Ethical Considerations and Real-World Resistances
The researchers caution about ethical considerations in this research paper. They claim that large-scale language models based on web data absorb many “toxic” stereotypes, social disparities, and other undesirable influences.
This research paper refers to a paper that was published in 2021 and explores how we can use large-scale languages models to promote the following harms:
Discrimination, Exclusion, and Toxicity
Information Hazards
Misinformation Harms
Malicious Uses
Human-Computer Interaction Harms
Access, Automation, and Environmental Harms
Finally, researchers pointed out that PaLM is indeed a reflection of toxic social stereotypes, and this makes it clear that filtering these biases can be difficult.
PaLM researchers explain
“Our analysis shows that our training data and PaLM reflect various social stereotypes and toxic associations around identity terms.
It is not easy to remove these associations. Future work should focus on effectively dealing with such unfavorable biases in data and their impact on model behavior.
While this is happening, real-world PaLM users should conduct further contextualized fairness assessments to determine the potential harms and provide appropriate mitigation and protections.”
PaLM is a glimpse into the future of search. PaLM claims to be the best at what it does, but researchers state that we need more research to find a way to reduce misinformation and toxic stereotypes.
Key Features of PaLM
Efficient scaling – PaLM can demonstrate the first large-scale use of Pathways. It is a new ML system that allows training of a single model across hundreds or millions of accelerator chips in a highly efficient manner.
Continued improvements from scaling – PaLM researchers assess PaLM across thousands of natural language, code, and mathematical reasoning tasks. PaLM researchers achieve state-of-the-art results on most of these benchmarks, typically by substantial margins.
Breakthrough capabilities – PaLM researchers demonstrate breakthrough capabilities in language understanding and generation across various difficult tasks.

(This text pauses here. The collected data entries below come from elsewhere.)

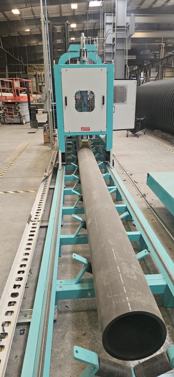 All specifications are assumed to be correct but must be confirmed by the purchasing entity.,Equipped With: All specifications are assumed to be correct but must be confirmed by the purchasing entity.,Air Operated Pipe Indexing System Eight Drill Motor Assembly Variable Frequency Drive For Drill Motors PLC Control With Touchscreen Interface Automatic Pipe Clamping And Indexing Safety Enclosures With Polycarbonate Viewing Windows Cable Track System Between Indexer And Drill Head Pipe Support Track With Nylon Rollers Pipe Cart With Guide Track Assorted Air Cylinders, Valves, Regulators, And Arbors Spare Parts Package All specifications are assumed to be correct but must be confirmed by the purchasing entity. |
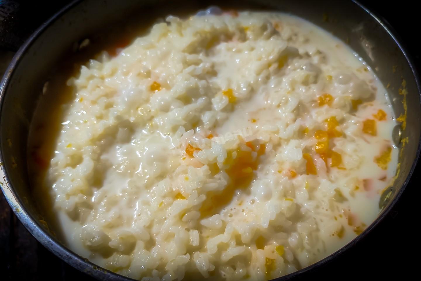 Когда молоко прокипит 5 минут, снять крышку и переложить рис в кастрюлю (рис без воды, воду перед перекладыванием слить). Рис не перемешивать с тыквой, а только равномерно распределить по верху! Накрыть крышкой и томить на медленном огне после закипания 30 минут.
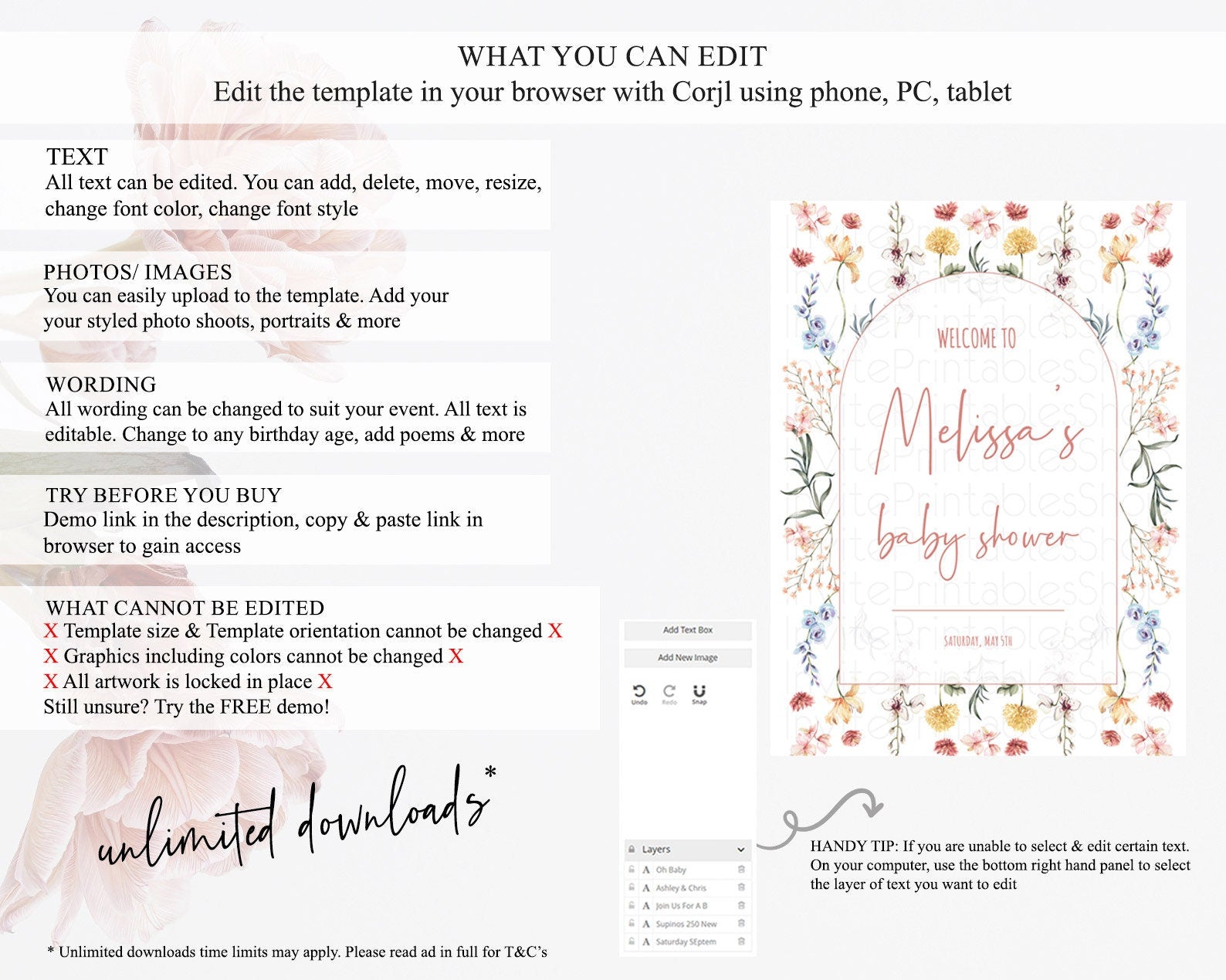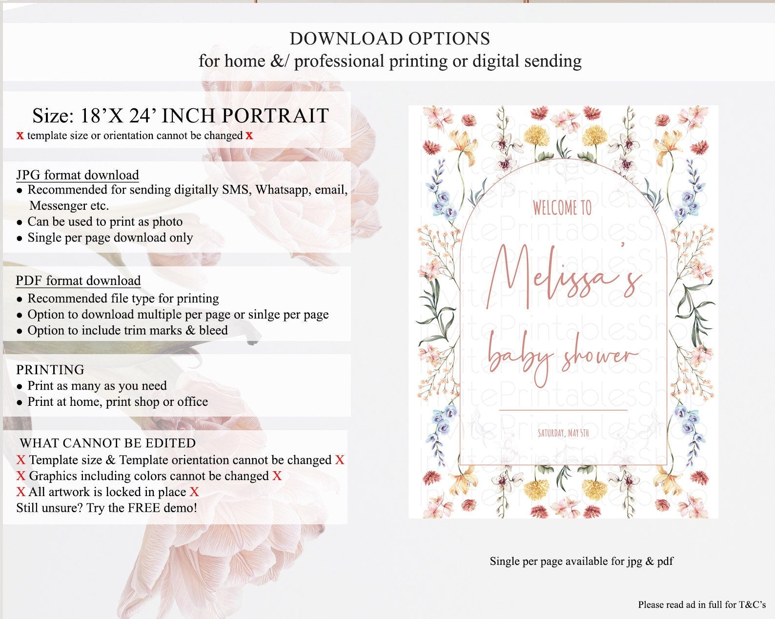 Secret Garden Baby Shower Welcome Sign Wildflower Welcome Board Pastel Flower Garden Welcome Poster Boho Wildflower Welcome Sign D10682
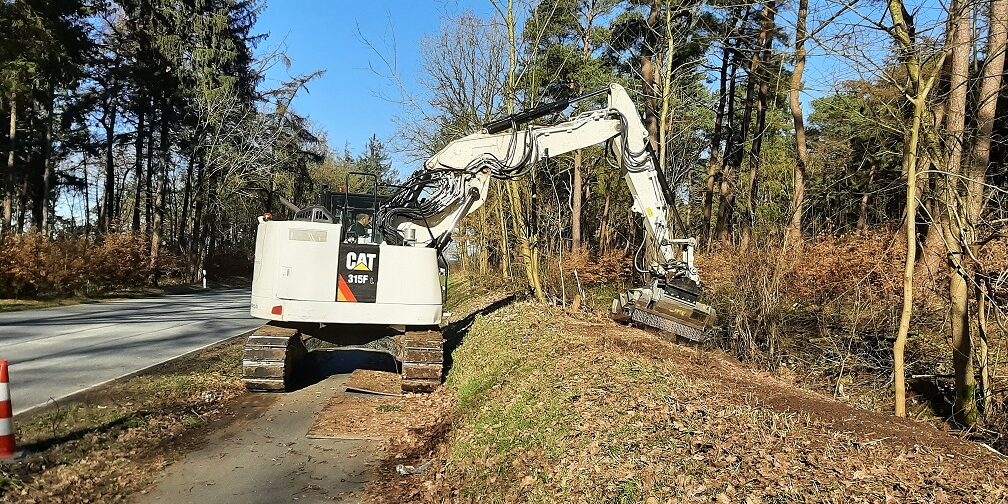 Der seit einigen Jahren abschnittsweise durchgeführte Waldumbau hin zu einem heimischen Laubwald hat nun den Außenrand erreicht. Seit vergangener Woche finden Gehölzarbeiten an den Waldrändern im Südteil der Jägersburger Heide statt, da dort in großen Teilen weiterhin Windschutz durch den westlich an die Straße grenzenden Forst gewährleistet bleibt. Angrenzend an den Radweg ist fast gänzlich die ausbreitungsstarke Gehölzart „Späte Traubenkirsche“ zu finden. Zunächst wird diese nun entnommen und der Waldrand durchforstet, um im nächsten Schritt heimische Sträucher und Bäume pflanzen zu können. Zur Schonung des angrenzenden Radwegs, des Walls und unterirdischer Versorgungsleitungen werden Gehölzstubben im Nahbereich nicht gerodet, sondern zunächst runter gemulcht und anschließend mit einer Stubbenfräse weiter bearbeitet. Für die Mulch- und Fräsarbeiten ist eine Bearbeitung von Seiten des Radwegs erforderlich. Die Durchforstung erfolgt durch die Claus Rodenberg Forst- und Landschaftspflege GmbH im Rahmen unseres TriKo-Projektes und wird finanziert aus Mitteln des Fonds „Mehr Natur für Dithmarschen“.
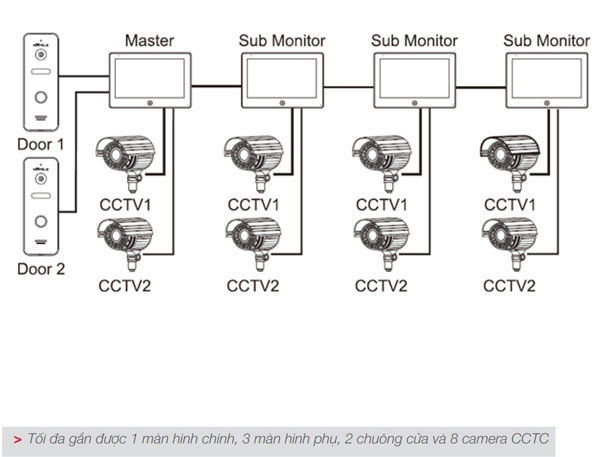 - Độ dài lắp đặt tối đa: Từ điện thoại sảnh tới bộ phân chia: 150m

Discontinuous improvements – To better understand the scaling behavior, PaLM researchers present results at three different parameter scales. They are 8B, 62B, and 540B. Typically, scaling from 62B to 540B results in similar performance as scaling from 8B to 62B. It is consistent with the “power law” rule of thumb often observed in neural network scaling.
Multilingual understanding – This work conducts a more thorough evaluation of multilingual benchmarks. They include machine translation, summarization, and question answering in different languages.
Bias and toxicity – Team also assessed model performance for distributional bias and toxicity. Eventually, this resulted in several quality insights.